╭─ INFORMATION PROVIDED

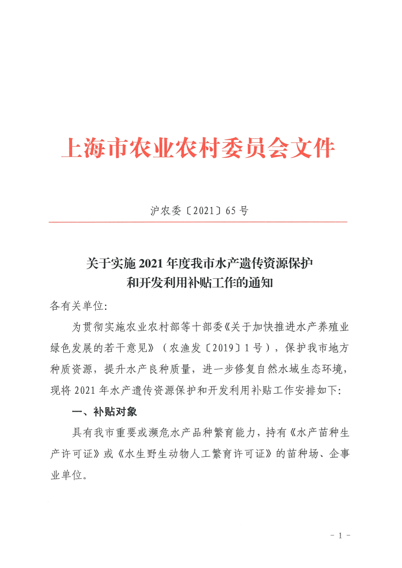 1.水产遗传资源保护:根据《关于印发本市畜禽、水产种质资源保护市级财政补贴标准的通知》(沪农委〔2018〕230号)补贴标准实施。
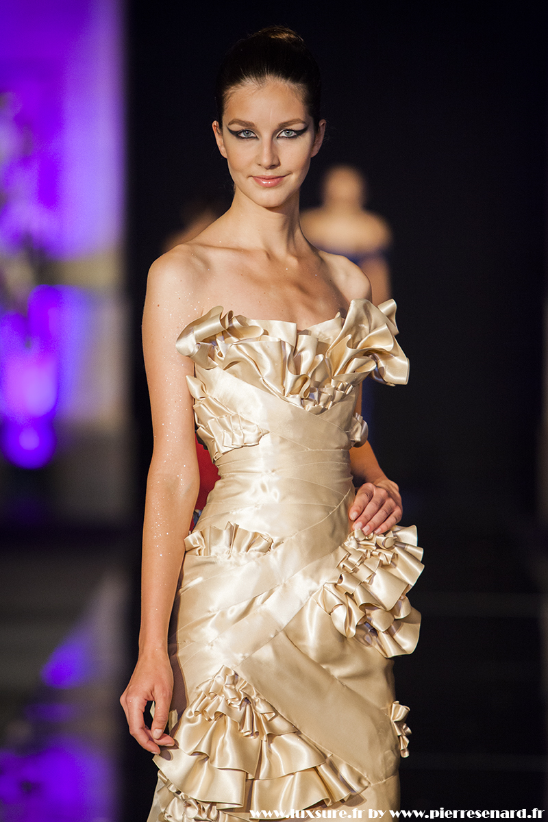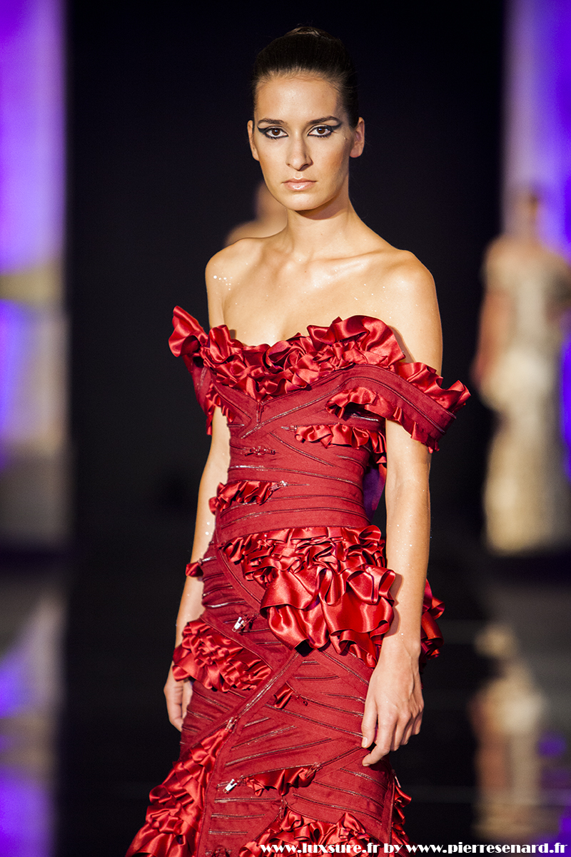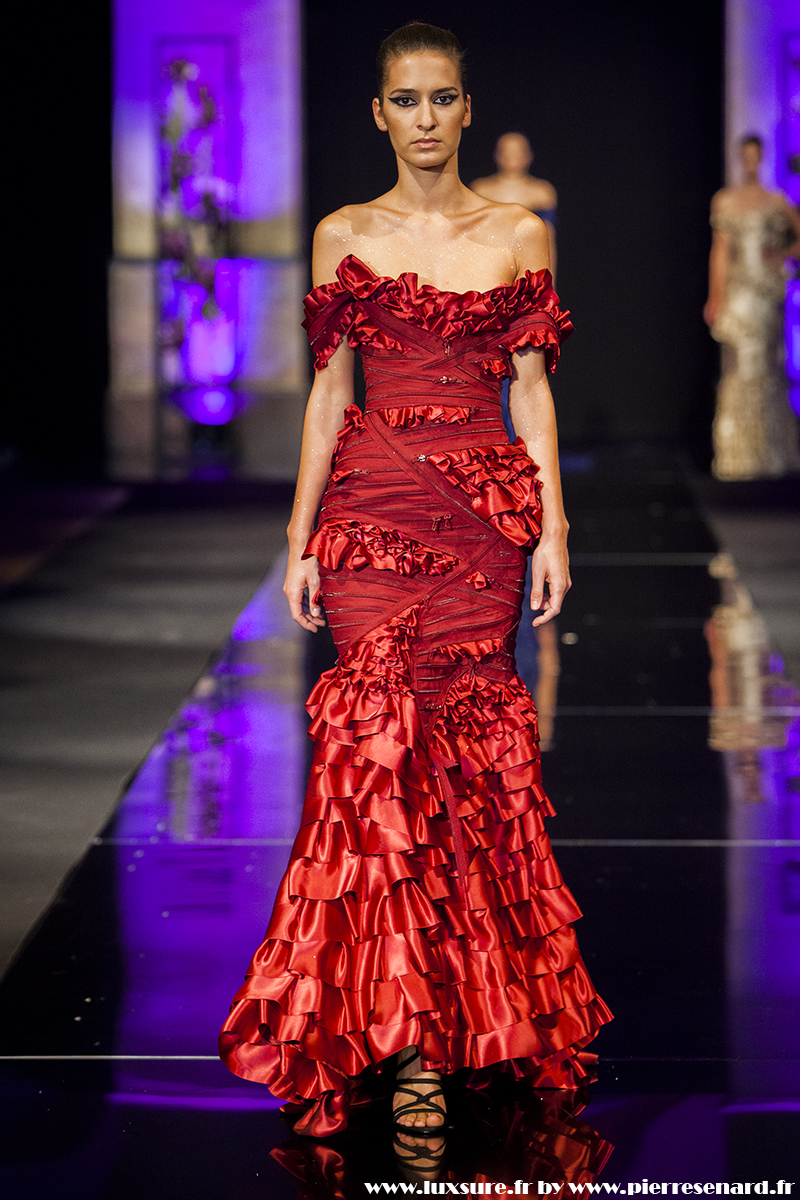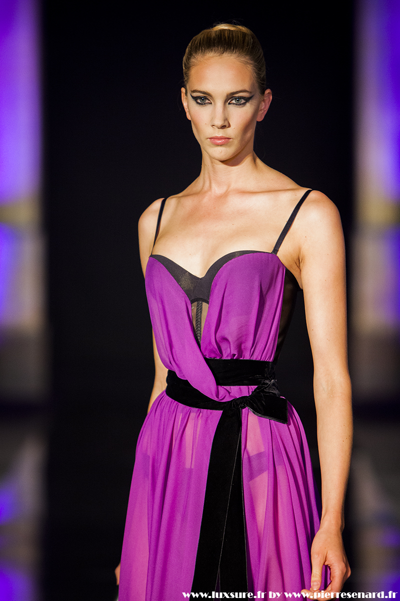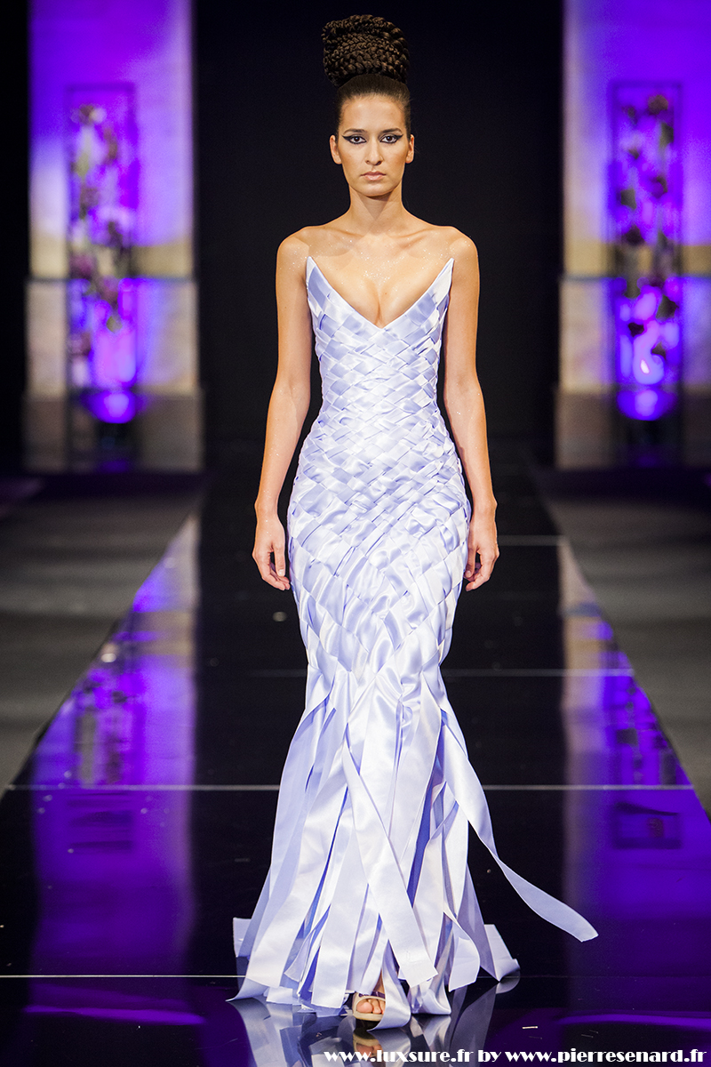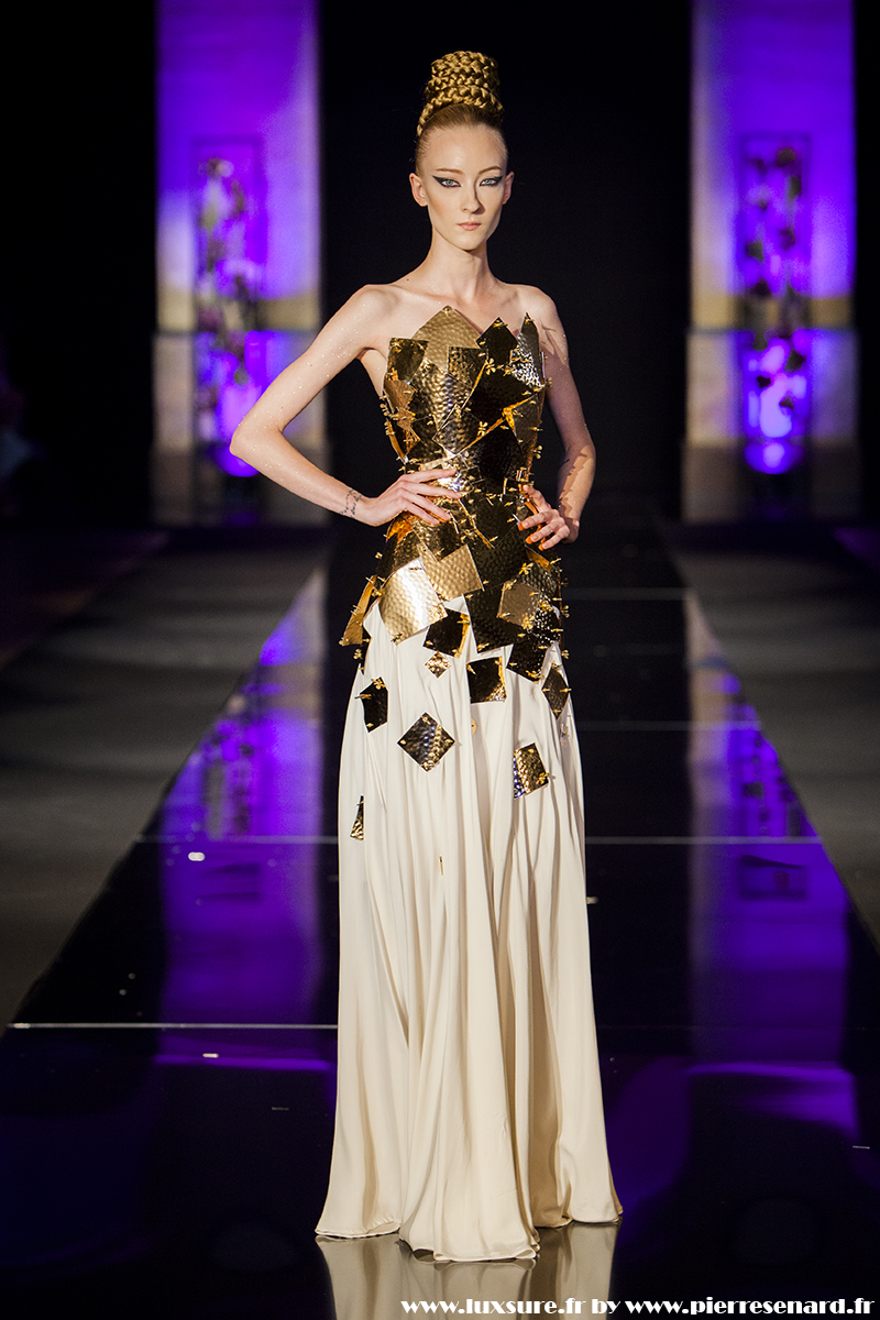 The second act was marked by both suspense and surprise, with an unexpected performance of a requiem from the 2010 Salle Pleyel opera couture. The baroque-like lyric artist was adorned in a black leopard bocard coat, a gown of silk taffeta and ostrich feathers, a large black horsehair gown and a laced aluminum bustier, and finally a gown tattooed with black and purple passementerie. Each ‘layer’ was revealed by two male escorts who gradually ‘stripped’ her of each ornament. This intermission merely heralded the immoderation of what was to come.
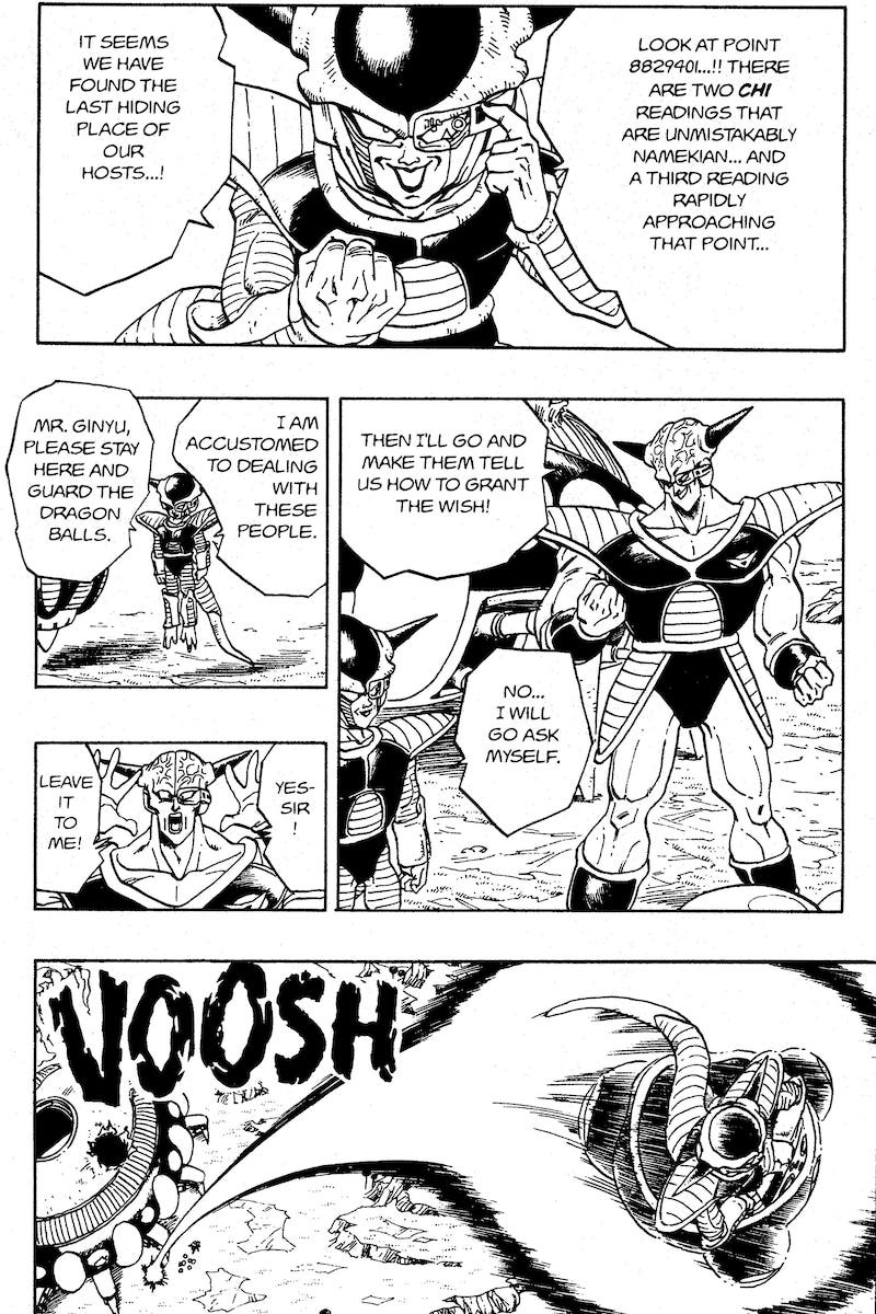 ▲ Im obigen Panel sehen wir ein Beispiel dafür, wie Frieza bei Bedarf selbst handelt, anstatt alles seinen Untergebenen zu überlassen.
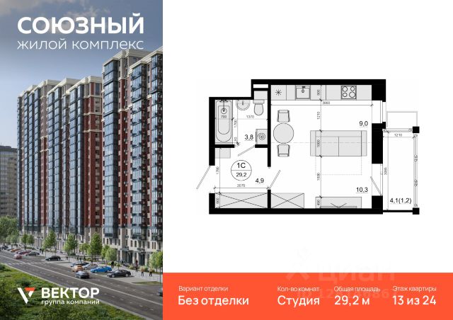 Продается квартира-студия площадью 29,2 кв.м на 13 этаже 24 этажного дома в ЖК "Союзный" от федерального девелопера ГК "Вектор". Жилой комплекс "Союзный" - это квартал из 6 монолитных домов комфорт-класса высотой до 25 этажей. Добраться до столицы из "Союзного" удобно как на автомобиле, так и на общественном транспорте. В трех минутах ходьбы от комплекса находится автобусная остановка, откуда ходят маршруты до станций метро "Киевская", "Парк Победы" и "Юго-Западная". До станции МЦД-1 "Одинцово" можно дойти пешком за 15 минут или доехать на наземном транспорте за то же время. Автовладельцы за 20 минут доберутся до МКАД по Северному обходу Одинцово, Боровскому, Минскому и Можайскому шоссе. Территория жилого комплекса включает детский сад на 245 мест (срок сдачи — 4 квартал 2025 года), торгово-развлекательный центр, поликлиники, спортивный парк и многоуровневые паркинги: открытый, подземный и комбинированный с эксплуатируемой кровлей. Во дворах обустраиваются игровые комплексы с безопасным покрытием, спортивные площадки, зоны отдыха для взрослых и площадки для занятий йогой. Озеленение территории включает деревья, кустарники и газоны. На первых этажах домов предусмотрены коммерческие помещения, где смогут открыться магазины, сервисные службы, кафе, фитнес-студии и салоны красоты. В шаговой доступности уже работают детские сады, школы, медицинские учреждения, аптеки, супермаркеты, банки, кафе и торговые центры. Недалеко находятся кинотеатр "Юность", Ледовый дворец, сквер Союзный и Глазынинский пруд с прогулочной зоной, качелями и спортивными площадками. Проект "Союзного" разработан российским архитектурным бюро MEZON PRO — лауреатом престижных премий "Urban Awards", "Золотое Сечение", "Лидер рынка недвижимости" и "Green Zoom". Дома строятся по монолитно-кирпичной технологии с использованием керамического кирпича для фасадов. В просторных холлах предусмотрены большие окна, создающие естественное освещение. В каждом корпусе запроектировано три лифта: один пассажирский и два грузопассажирских, что обеспечивает комфорт при переезде и повседневном использовании. Ассортимент квартир включает студии, одно-, двух-, трех- и четырехкомнатные варианты свободной планировки площадью от 24,5 до 88,1 кв. м. Есть решения с лоджиями, двумя санузлами и разной ориентацией окон — во двор или на улицу. Высота потолков в стандартных квартирах составляет 2,8 м, в отдельных вариантах — до 4,7 м. Покупателям предлагаются разные варианты отделки: предчистовая, позволяющая самостоятельно выбрать стиль интерьера, и готовые дизайнерские решения "под ключ". Жилой комплекс "Союзный" расположен в городе Одинцово Московской области, всего в 8 км от МКАД. Район отличается благоприятной экологией: Одинцовский округ удостоен медали "Экологически чистый район" и внесен в официальный Реестр экологически чистых территорий. Продам квартиру-студию с балконом в Одинцово.
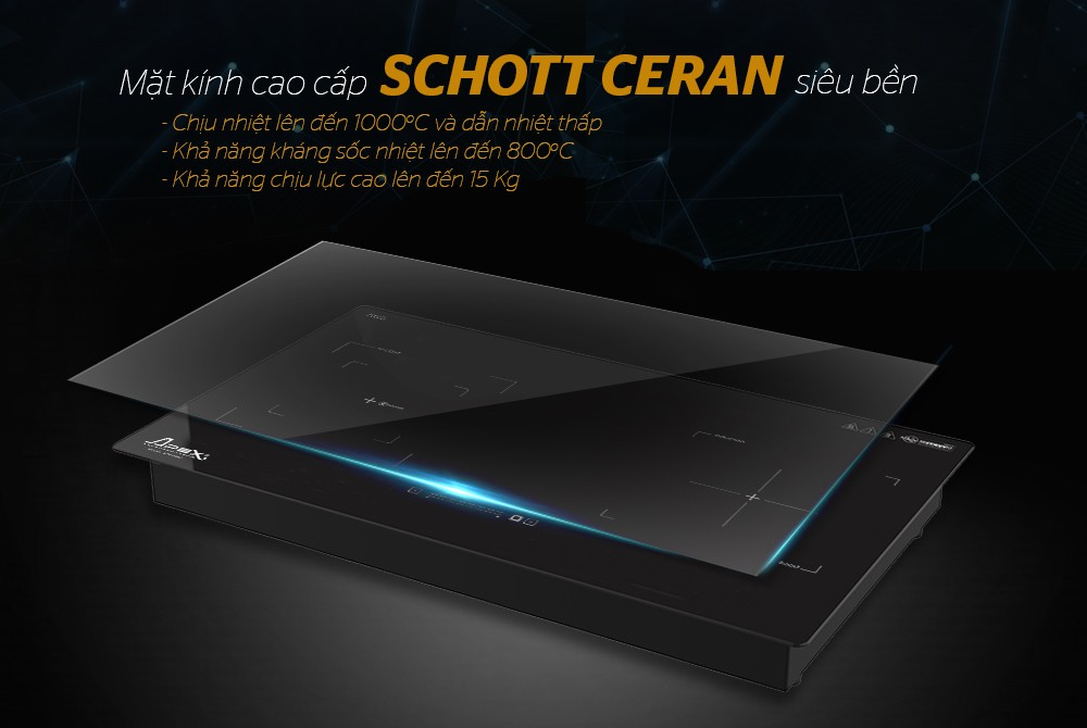 APB9982 sử dụng mặt kính Schott Ceran vát cạnh tinh tế. Đây là loại kính cao cấp, làm từ gốm sứ thủy tinh đặc biệt, siêu cứng, siêu bền, độ bền lên đến 20 năm và không chứa các chất độc hại với sức khỏe. Kính Schott Ceran có khả năng chịu nhiệt và chống sốc nhiệt lên tới 800oC nên không bị nứt vỡ khi thay đổi nhiệt đột ngột.
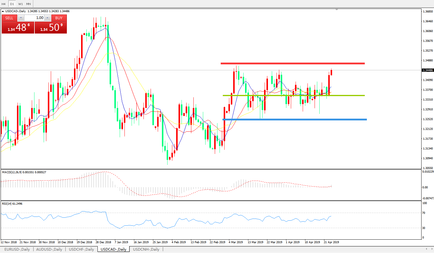 美元兑加元USDCAD 日线图:
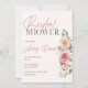 Carte d'invitation Whimsical bridal douche avec aquarelle illustrant les fleurs sauvages en rose et blanc. Parfait pour une fête de printemps ou d'été.
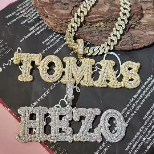 Big Baguette Letters Pendants:12MM Cuban Chain
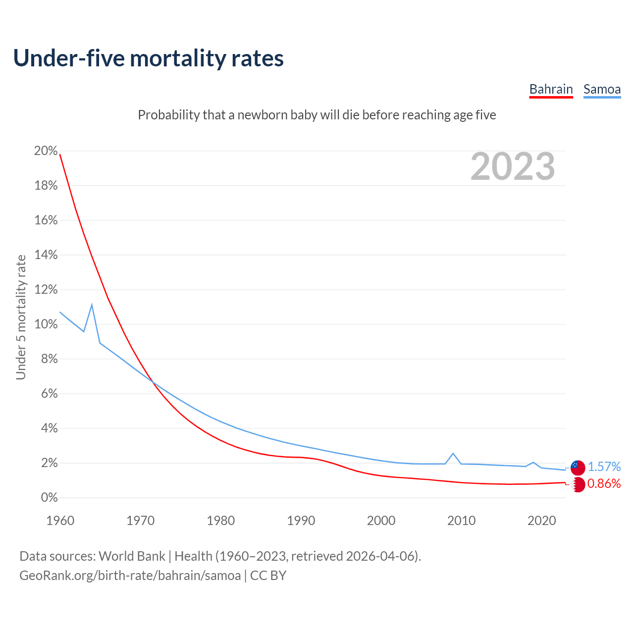 The chance that a newborn baby will die before reaching age five is 0.86% in Bahrain and 1.57% in Samoa. Above is a chart with historical data on under-five mortality rates.
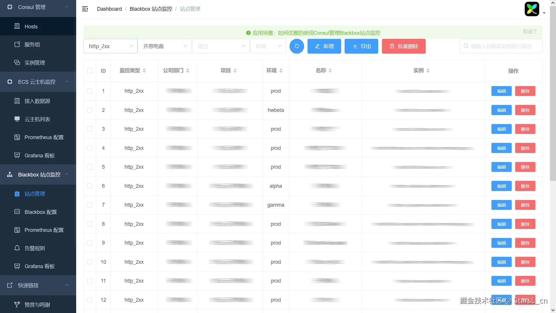 - 支持对监控目标的批量删除与批量导入,数据实时同步到Consul。

╰─

- [EXERCISE]: Restate word for word the lines from the line with "The chance that" to the last line of the records above, inclusive, and omit every picture.

- [SOLUTION TO THIS PROBLEM]:
 The chance that a newborn baby will die before reaching age five is 0.86% in Bahrain and 1.57% in Samoa. Above is a chart with historical data on under-five mortality rates.
 - 支持对监控目标的批量删除与批量导入,数据实时同步到Consul。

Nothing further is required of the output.